Overview

Build your statistics and probability expertise with this short course from the University of Leeds. The first week introduces you to statistics as the art and science of learning from data. Through multiple real-life examples, you will explore the differences between data and information, discovering the necessity of statistical models for obtaining objective and reliable inferences. You will consider the meaning of "unbiased" data collection, reflecting on the role of randomization. Exploring various examples of data misrepresentation, misconception, or incompleteness will help develop your statistical intuition and good practice skills, including peer review. In the second week, you will learn and practice R software skills in RStudio for exploratory data analysis, creating graphical and numerical summaries. The final week will involve completing probability experiments and computer simulations of binomial trials, such as tossing a coin or rolling a die. This will help you develop an intuitive concept of probability, encompassing both frequentist and subjective perspectives. Throughout the course, you will acquire vital statistical skills by practicing techniques and software commands and engaging in discussions with fellow students. By the end of the course, you will be able to: - Understand and explain the role of statistical models in making inferences from data. - Implement appropriate tools for numerical and graphical summaries using RStudio, and interpret the results. - Evaluate the stability of frequencies in computer simulations through experimental justification and "measurement" of probability. No matter your current level of mathematical skill, you will find practical and real-life examples of statistics in action within this course. This course is a taster of the Online MSc in Data Science (Statistics) but it can be completed by learners who want an introduction to programming and explore the basics of Python.

Syllabus

The Role of Statistical Models in Data Analysis

This first week introduces you to statistics as the art and science of learning from data. You will learn how to recognise the difference between data and information and realise the need for statistical models to gain objective and reliable inferences. You will consider examples of datasets and reflect on suitable research questions that can be posed and answered using these data. You will see the importance of 'unbiased' data collection and learn about randomisation as a tool to achieve this. Various examples of data misrepresentation, misconception or incompleteness will help you develop statistical intuition and good practice skills. In the activities section, you are introduced to the peer review tool, which is a useful way for you to improve your statistical data analysis skills.

The Basics of Exploratory Data Analysis

Week 2 gives you the opportunity to learn and practise your R skills in exploratory data analysis by producing numerical and graphical summaries of a variety of datasets. You learn to distinguish between different types of data (categorical vs numerical) and to use appropriate numerical and graphical summaries. You also gain experience in distinguishing between 'normal' and skewed data using box plots and histograms. This week offers a substantive task in RStudio to complete.
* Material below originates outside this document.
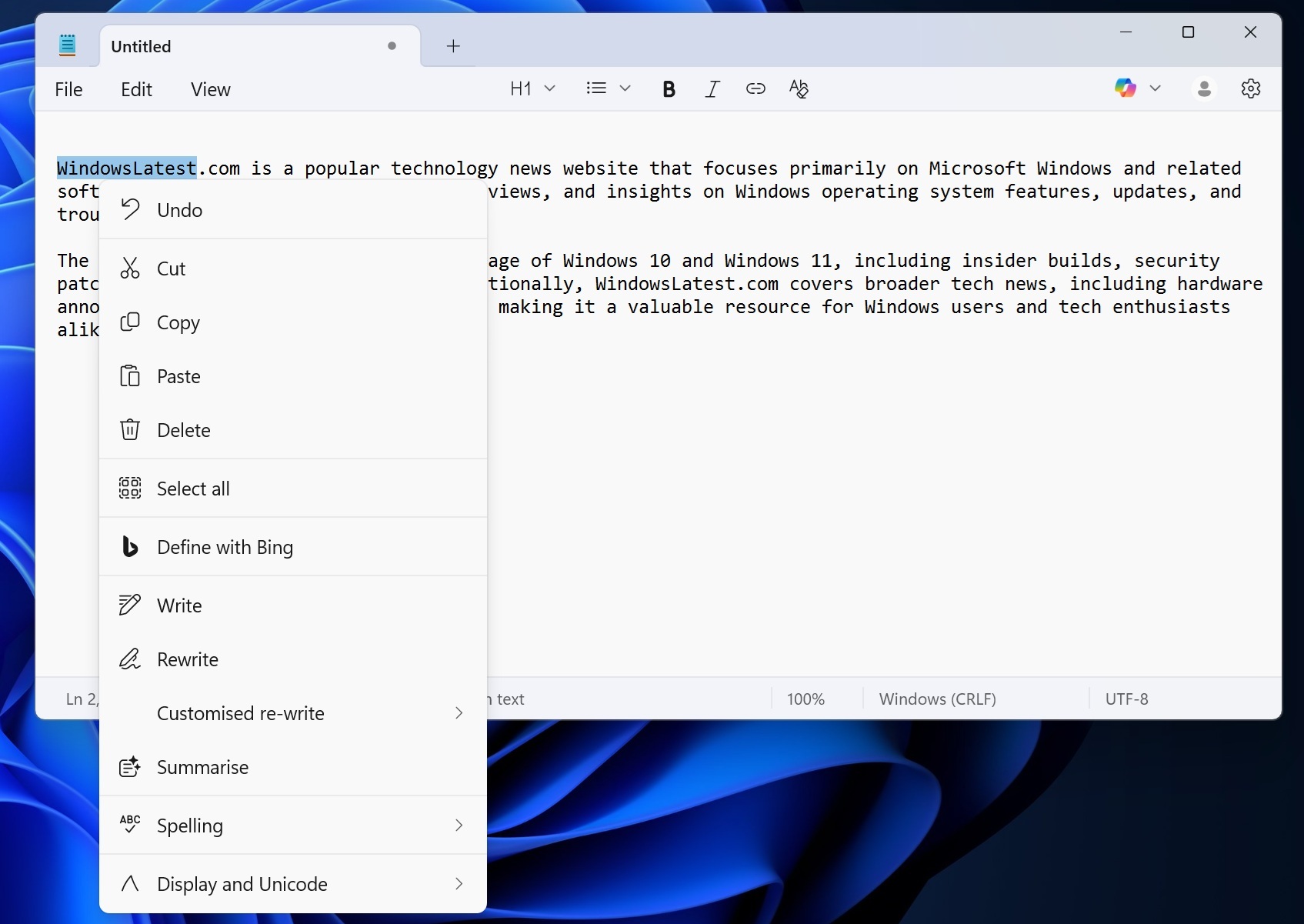虽然它感觉更干净而且我确实喜欢它,但我仍然对 AI 深度集成到 Windows 11 记事本中的方式不满意。您可以在上下文菜单中关闭 Copilot 快捷方式,但无法删除“使用 Bing 定义”等选项。或者拼写。

Explore and Reflect: Random Experiments and Computer Simulations

This final week gives you the opportunity to explore a remarkable stability of frequencies as an experimental support of the concept of probability. You apply your R skills and conduct computer simulations of repeated random trials (e.g. tossing a coin or rolling a dice). Based on these observations, you develop an intuitive concept of probability (frequentist and subjective). You share your findings on a discussion board or 'forum' to discuss long-term experiments as a way to 'measure' probability of various events of interest (e.g. long runs of 6 in dice rolls, or tied birthdays in a class of students).